I think it is better to describe "peaks" as high points in the distribution and "clusters" as data values that are close to each other along the horizontal axis.

You can see an example of clusters that are not peaks below.

9.2.2 Spread

For the spread of the data, one common way to talk about the spread is to look for the "range" it has.

The range is from the minimum value to the maximum value.

Here's an example:

\[ 30, 29, 22, 26, 32, 32, 23, 28, 20, 28, 37, 35, 29, 36, 34 \]

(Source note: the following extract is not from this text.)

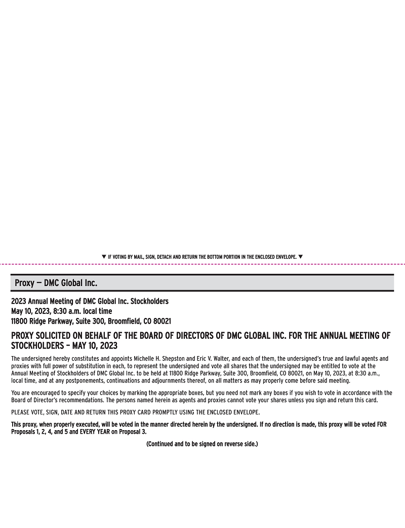 NOTICE IS HEREBY GIVEN that the Annual Meeting of Stockholders of DMC Global Inc., a Delaware corporation, will be held on May 10, 2023, at 8:30 a.m. local time at 11800 Ridge Parkway, Suite 300, Broomfield, Colorado 80021, for the following purposes:

If we make a dotplot of this data it looks like this:

You might describe this like this:

The range of this data is from 20 to 37

The range is one part important part of the spread. But it is not all of the story. You might also look for clusters of data as well.

Here is another example of some data:

\[ 3, 12, 11, 13, 14, 25, 26, 27, 45, 46, 44, 52 \]

If we make a dotplot of this data it looks like this:

You might describe this like this:

The data is in three clusters, one at about 13, one about 26, and one at 45.

The range of this data is from 3 to 52, but you would also notice this clustering as well.

9.2.3 Outliers

Finally you might also look for outliers.

Outliers are data values that are far from the others in the data, and do not look typical. Sometimes outliers are errors in the data collection process. Sometimes they are just unusual values that happened.

Below is an example three years of demand data for a product.

Here are the actual values from the last 36 months for this product:

\[ 38, 46, 58, 36, 44, 46, 51, 43, 61, 44, 48, 53, 42, 37, 59, 27, 52, 45, 53, 48, 62, 35, 58, 61, 45, 25, 49, 40, 51, 47, 51, 48, 54, 43, 39, 40 \]

Of course we are interested in whether there is some months where demand was very low or some months where the demand was vary high.

We could just look at the numbers above, but it is nice to see this as a graph as well too. So lets look at a dotplot of these values:

You might describe this like this:

The data has a couple of outliers at 25 and 27

Most of the time the demand for this product was roughly between 34 and 54 but there were some outliers. You might be tempted to ask what happened for those months where the demand was 25 or 27.

Also there are a couple of clusters of high values as well around 58 and 62.

These might not be considered outliers but you would definitely like to understand what is happening there as well.